§ WORK INSTRUCTION
Transcribe the data that follows without changing a word, and omit the pictures.

### EXERCISE MATERIAL ###

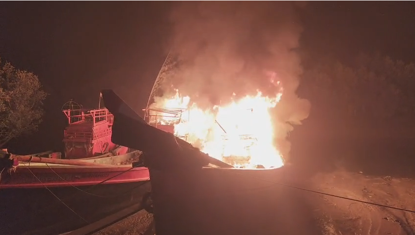 আগুন লেগে পুড়ে গেল দুটি ট্রলার – ঘটনাস্থলে আসে দমকলের একটি ইঞ্জিন
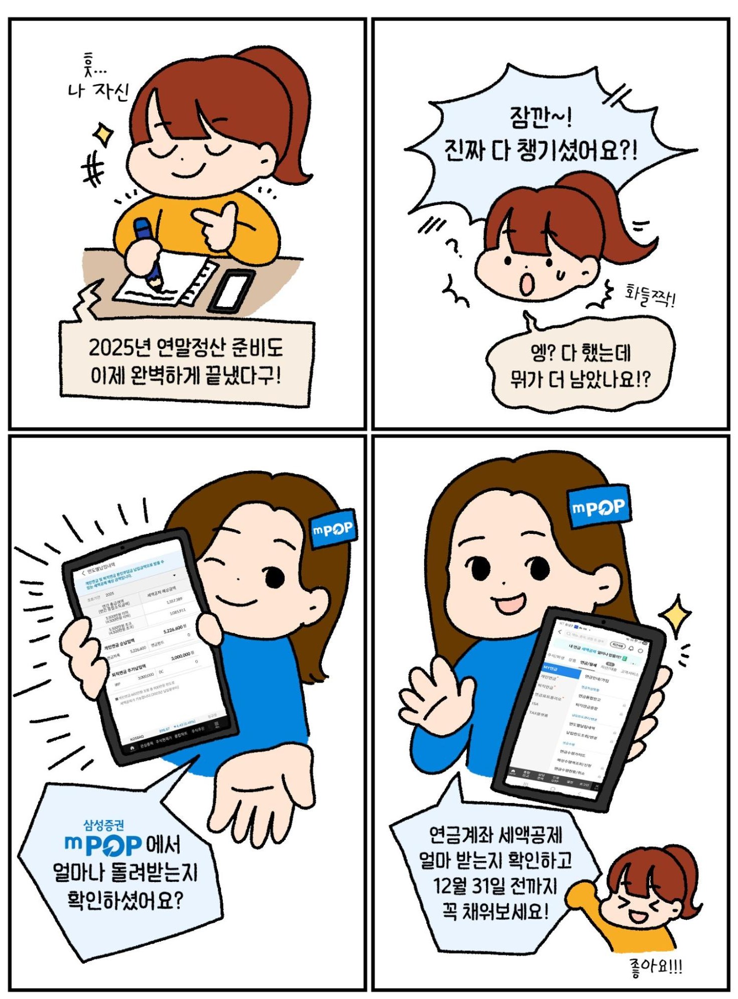 확인해보니, 금액이 적게 나왔다고 하더라도 아직 늦지 않았어요! 12월 31일까지 납입한 금액이 올해 세액공제 대상이니까요. 지금이라도 추가로 납입하면 세액공제 혜택을 더 많이 받을 수 있거든요. 지금 바로 삼성증권 mPOP에서 납입 현황을 확인하고 연말정산 계획을 세워보세요.
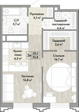 Продается двухкомнатная квартира с европланировкой от застройщика в ЖК "Сердце Бонивура" на 17 этаже. Квартира без отделки, новый собственник может сделать ремонт по индивидуальному проекту. Общая площадь: 55.8 кв.м., жилая: 29.5 кв.м., общая площадь гостиной-столовой с кухонной зоной: 21.3 кв.м. Европланировка, за счет большой площади кухни-гостиной квартира выглядит просторной и очень удобна для жизни. Комнаты изолированные, все окна выходят на одну сторону. В квартире один совмещенный санузел. Высота потолков 2.85 м.
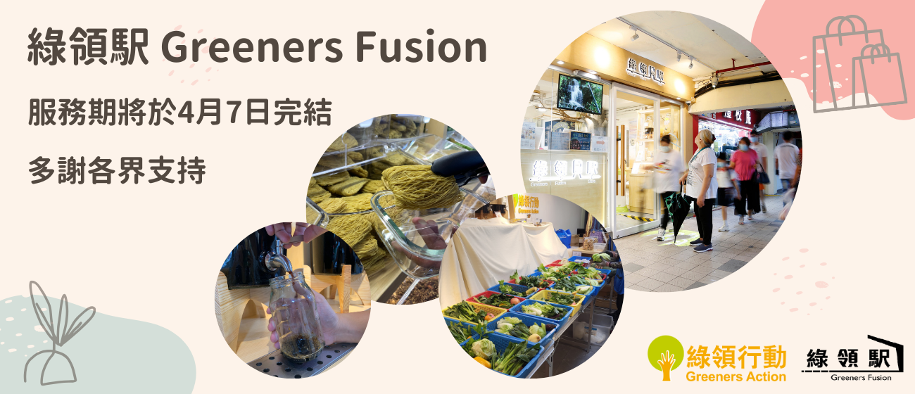 由本會成立的裸買體驗店「綠領駅Greeners Fusion」服務期將於2024年4月7日完結,感謝各界支持,攜手為本港減少即棄包裝廢物盡一分力。
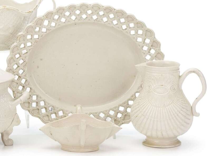 Comprising a molded creamer, lattice worked oval dish, together with a twin handled creamer. (3).
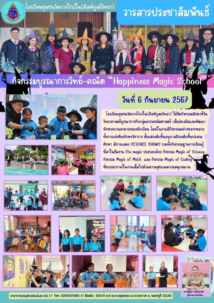 โรงเรียนชุมชนวัดบางไกรใน(ศีลพิบูลย์วิทยา) ได้จัดกิจกรรมบูรณาการวิทย์-คณิต “Happiness Magic School”
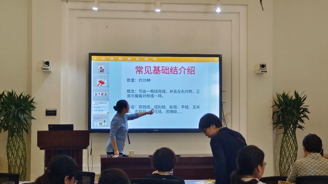 在动手实践环节,褚老师准备了中国结编织方法的教学视频,并对其中几个操作要点示范讲解。教职工动手操作,传艺人在此过程中四处走动,观察并指导每个人的制作。
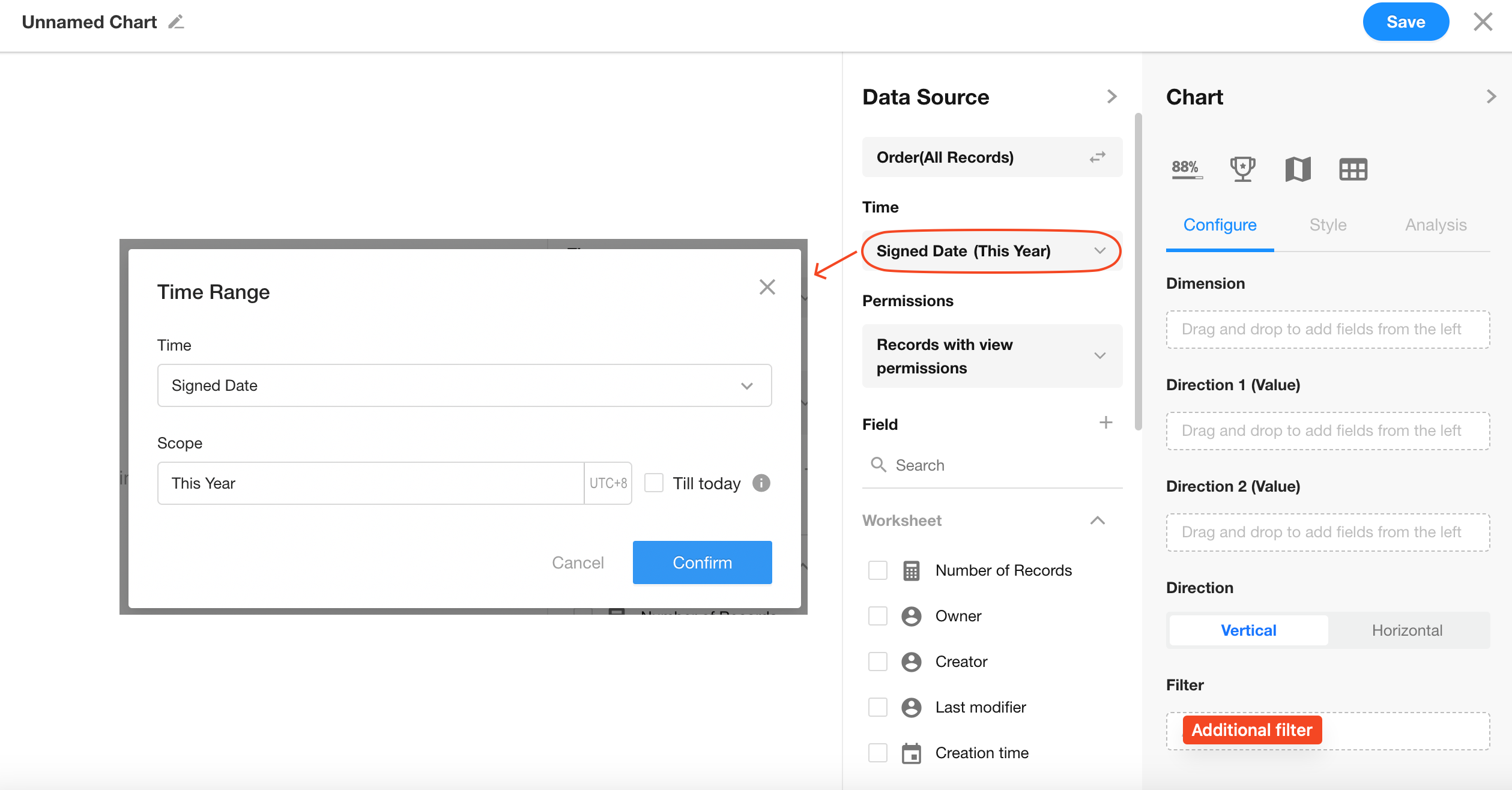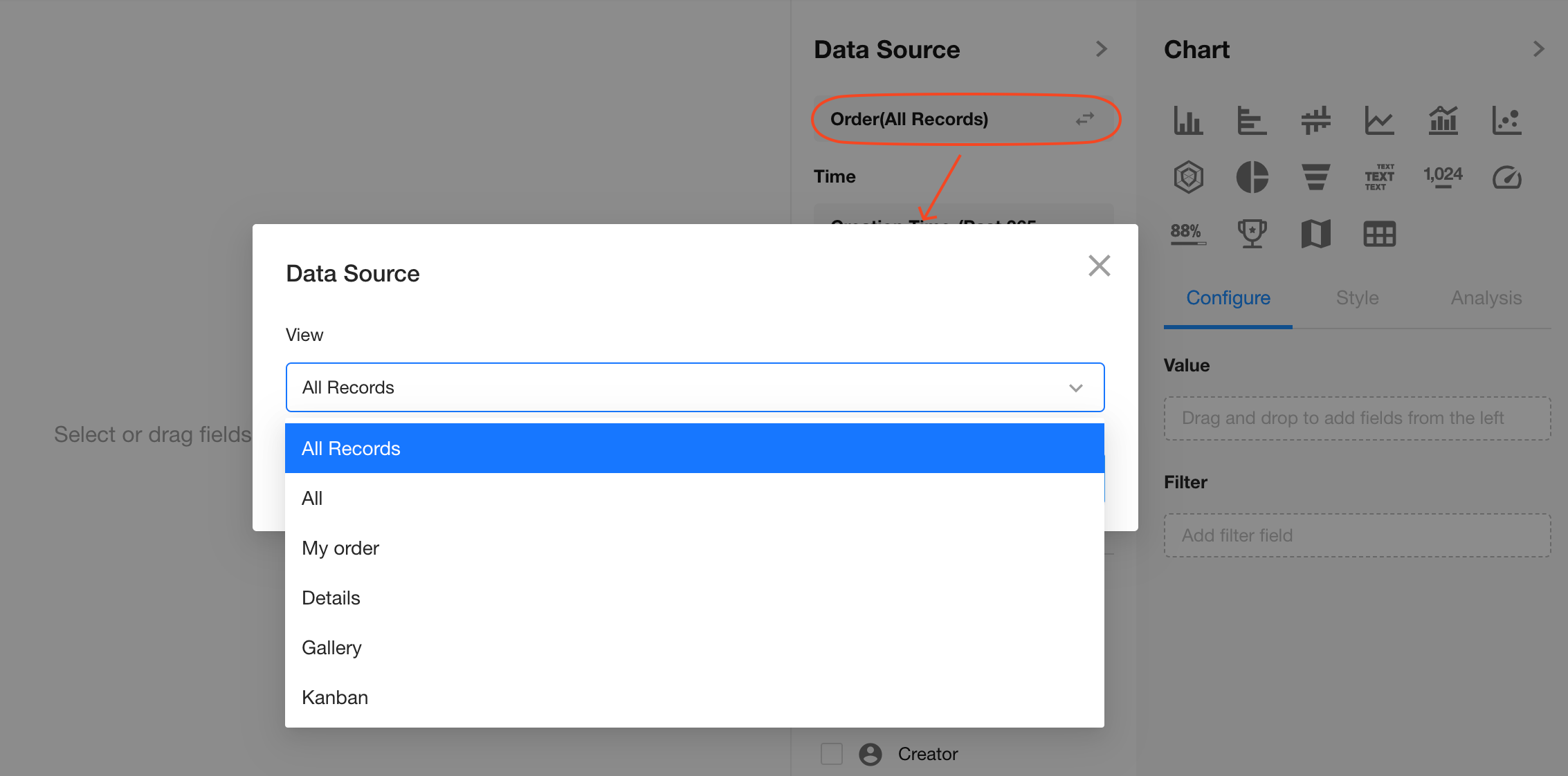 Choose whether to base the chart on a specific view or all records in the worksheet (default is all records).
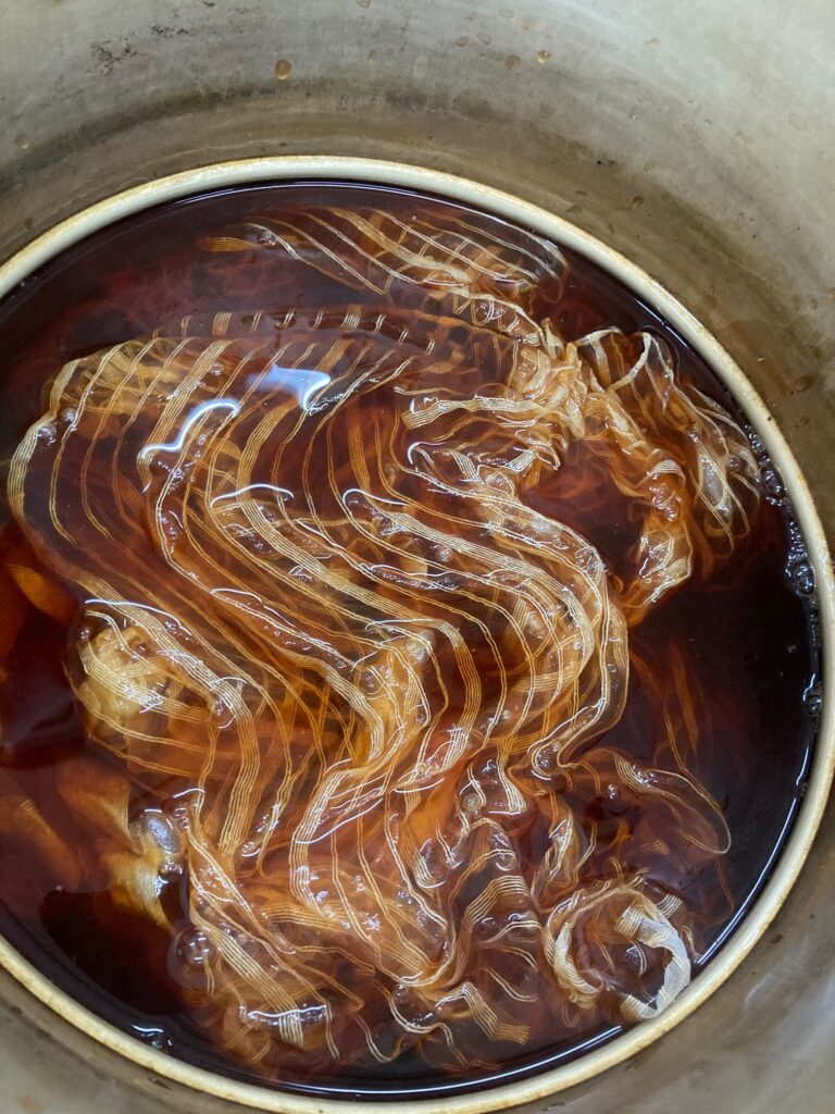 桜の小枝とウッドチップで染料をつくり、シルクコットンのストールを染めます。
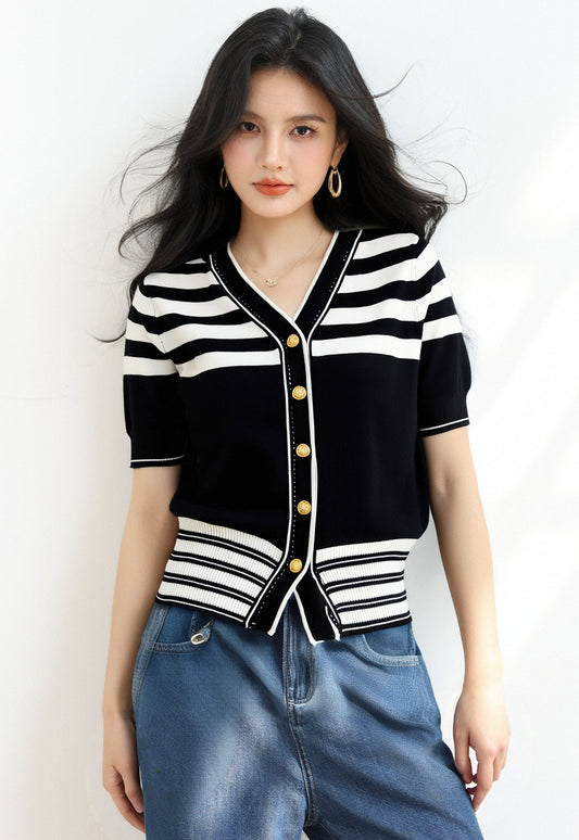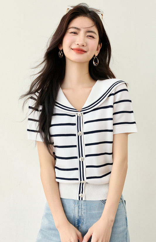 • 半袖ストライプニット
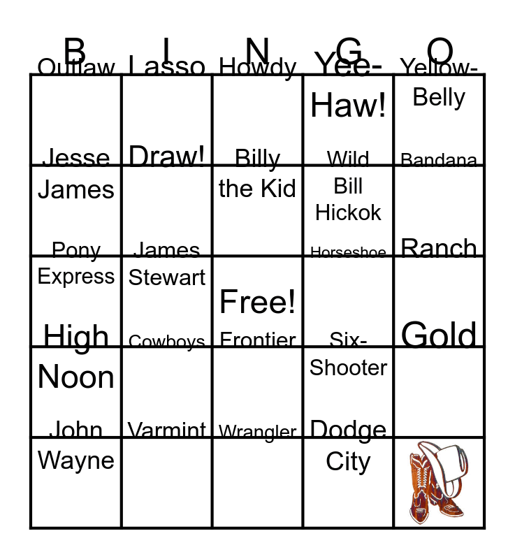 This bingo card has 3 images, a free space and 40 words: John Wayne, Clint Eastwood, Dodge City, Howdy, Tarnation, Yellow-Belly, Varmint, Yee-Haw!, Horseshoe, Frontier, Cowboys, Tombstone, Wrangler, Backslapping, Pony Express, Reckon, Bandana, Lasso, Wagon, Sheriff, Outlaw, Saloon, Ranch, Saddle, Spurs, Six-Shooter, High Noon, Poker, Gold, Holster, James Stewart, Chili, Pork & Beans, Sagebrush, Billy the Kid, Jesse James, Wild Bill Hickok, Deadwood, Draw! and Git!.

###

§ YOUR RESPONSE
 আগুন লেগে পুড়ে গেল দুটি ট্রলার – ঘটনাস্থলে আসে দমকলের একটি ইঞ্জিন
 확인해보니, 금액이 적게 나왔다고 하더라도 아직 늦지 않았어요! 12월 31일까지 납입한 금액이 올해 세액공제 대상이니까요. 지금이라도 추가로 납입하면 세액공제 혜택을 더 많이 받을 수 있거든요. 지금 바로 삼성증권 mPOP에서 납입 현황을 확인하고 연말정산 계획을 세워보세요.
 Продается двухкомнатная квартира с европланировкой от застройщика в ЖК "Сердце Бонивура" на 17 этаже. Квартира без отделки, новый собственник может сделать ремонт по индивидуальному проекту. Общая площадь: 55.8 кв.м., жилая: 29.5 кв.м., общая площадь гостиной-столовой с кухонной зоной: 21.3 кв.м. Европланировка, за счет большой площади кухни-гостиной квартира выглядит просторной и очень удобна для жизни. Комнаты изолированные, все окна выходят на одну сторону. В квартире один совмещенный санузел. Высота потолков 2.85 м.
 由本會成立的裸買體驗店「綠領駅Greeners Fusion」服務期將於2024年4月7日完結,感謝各界支持,攜手為本港減少即棄包裝廢物盡一分力。
 Comprising a molded creamer, lattice worked oval dish, together with a twin handled creamer. (3).
 โรงเรียนชุมชนวัดบางไกรใน(ศีลพิบูลย์วิทยา) ได้จัดกิจกรรมบูรณาการวิทย์-คณิต “Happiness Magic School”
 在动手实践环节,褚老师准备了中国结编织方法的教学视频,并对其中几个操作要点示范讲解。教职工动手操作,传艺人在此过程中四处走动,观察并指导每个人的制作。
 Choose whether to base the chart on a specific view or all records in the worksheet (default is all records).
 桜の小枝とウッドチップで染料をつくり、シルクコットンのストールを染めます。
 • 半袖ストライプニット
 This bingo card has 3 images, a free space and 40 words: John Wayne, Clint Eastwood, Dodge City, Howdy, Tarnation, Yellow-Belly, Varmint, Yee-Haw!, Horseshoe, Frontier, Cowboys, Tombstone, Wrangler, Backslapping, Pony Express, Reckon, Bandana, Lasso, Wagon, Sheriff, Outlaw, Saloon, Ranch, Saddle, Spurs, Six-Shooter, High Noon, Poker, Gold, Holster, James Stewart, Chili, Pork & Beans, Sagebrush, Billy the Kid, Jesse James, Wild Bill Hickok, Deadwood, Draw! and Git!.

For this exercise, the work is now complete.